Personal information
- Full name: James Gilmour Thompson
- Nicknames: "Jimmy", "Mr. Swimming"
- National team: Canada
- Born: January 20, 1906 Dundee, Scotland
- Died: January 26, 1966 (aged 60)

Sport
- Sport: Swimming
- Strokes: Freestyle
- Club: Toronto West End YMCA

Medal record
Men's swimming
Representing Canada
Olympic Games
| Bronze medal – third place | 1928 Amsterdam | 4×200 m freestyle |
British Empire Games
| Gold medal – first place | 1930 Hamilton | 4×200 yd freestyle |

= James Thompson (swimmer) =

Canadian swimmer

James Gilmour Thompson (January 20, 1906 – January 26, 1966) was a Scottish-born Canadian freestyle swimmer who won a bronze medal in the 4×200-metre freestyle relay at the 1928 Summer Olympics in Amsterdam; he also competed in the 400-metre and 1500-metre freestyle events, but failed to reach the finals. Two years later he won a gold medal in the 4×200-yard freestyle relay at the 1930 British Empire Games.

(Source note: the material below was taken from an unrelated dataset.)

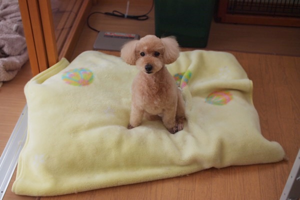 今日は、ぐんと冷えている気がして、毛布をホットカーペットの上に。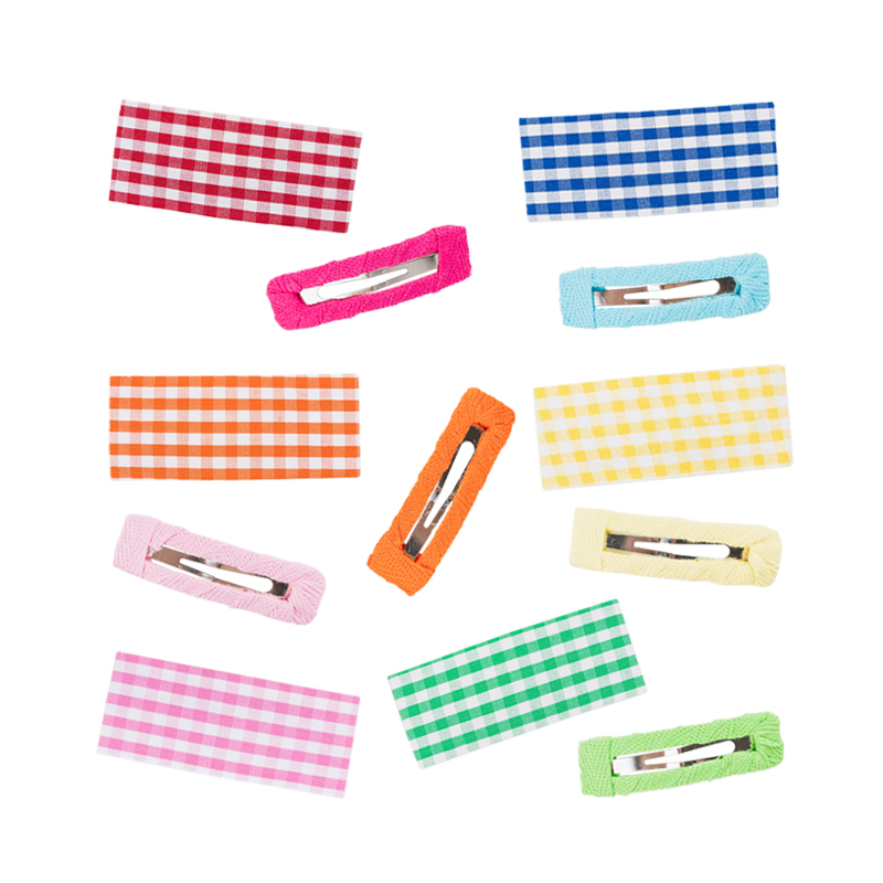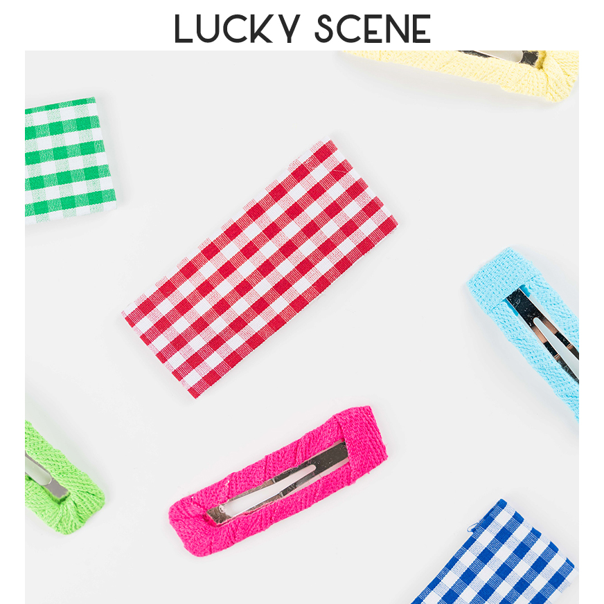 (Auspicious Props) Colored Plaid Hair Accessories Korean Children's Fabric Hair Clip Set Female Bao Liu Hai Clip Parent-child

Thompson was born in Scotland and in the early 1920s moved to Canada, where he started training in swimming at the Toronto YMCA club. In 1928 the Canadian Olympic Committee selected him for the Olympics as a fourth team member, but could sponsor only three swimmers. Thompson, a machinist by profession, had modest incomes and had to seek sponsors to attend the Games. Later he initiated a government-sponsored swimming program for poor, and between 1932 and 1966 worked as the head coach of the Hamilton Aquatic Club. He was named Hamilton's Citizen of the Year in 1959, Canada's Swimming Coach of the Year in 1964, and was inducted into the Hamilton Sports and Ontario Aquatic Halls of Fame. Hamilton's Jimmy Thompson Memorial Swimming Pool carried his name. He died of cancer in 1966.

His daughter Patty also became Olympic swimmer in Tokyo in 1964. His son Robert competed at 1972 and 1984 Olympic Games in water polo.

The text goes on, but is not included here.